Me: Can you give me what the first 20 lines of dialog would be if steve jobs went on the joe rogan podcast?

ChatGPT:

Steve Jobs: Hey Joe, thanks for having me on the show.

Joe Rogan: No problem, Steve. It's an honor to have you here.

Steve Jobs: So, what do you want to talk about?

Joe Rogan: Well, I was thinking we could start by discussing your time at Apple, and the impact that your work has had on the technology industry.

Steve Jobs: Sure, that sounds good.

Joe Rogan: So, how did you first become involved with Apple?

Steve Jobs: It all started back in the 1970s, when I was a college dropout working on computers in my garage. I had always been interested in technology and entrepreneurship, and I saw a huge opportunity in the emerging personal computer market.

Joe Rogan: And how did you go from working in your garage to creating one of the most successful technology companies in history?

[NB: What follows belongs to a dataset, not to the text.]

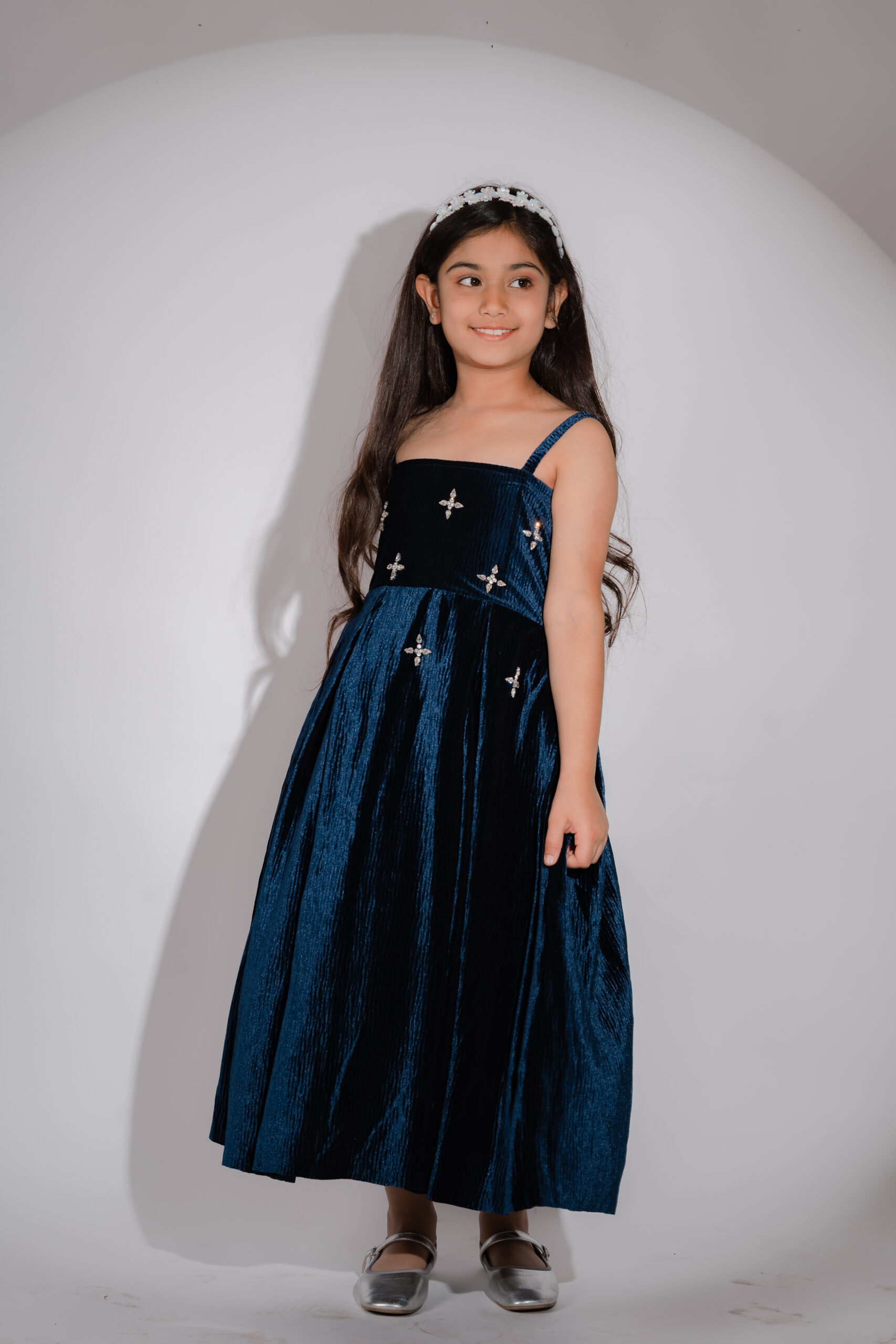 Graceful midnight blue dress with star details, perfect for magical celebrations, with stud detailing made to shine!

Steve Jobs: It was a long and winding road. We started out by building and selling computer kits, and eventually we released our first personal computer, the Apple I. It was a big hit, and it really put us on the map.

Joe Rogan: And then you went on to create some of the most iconic products in tech history, like the Macintosh, the iPod, the iPhone, and the iPad.

Steve Jobs: Yeah, it was an incredible journey. Each of those products was a game-changer in its own way, and they really transformed the way people interact with technology.

Joe Rogan: And how did you come up with the ideas for these products? What was your process like?

Steve Jobs: It was a combination of things. I always had a passion for design and user experience, and I was always looking for ways to make technology more intuitive and accessible. I also had a great team at Apple who helped me bring my visions to life.

Joe Rogan: And what was it like working with Steve Wozniak and the other members of the Apple team?

Steve Jobs: It was amazing. Woz and I had a great partnership, and we complemented each other really well. And the rest of the team was incredibly talented and dedicated. We all had a shared vision for what we wanted to accomplish, and we worked tirelessly to make it a reality.

[So, yes, "easy" to generate this safe dialogue, "easy" to put it back in the original audio format of the speaker. Only going to get better from here.]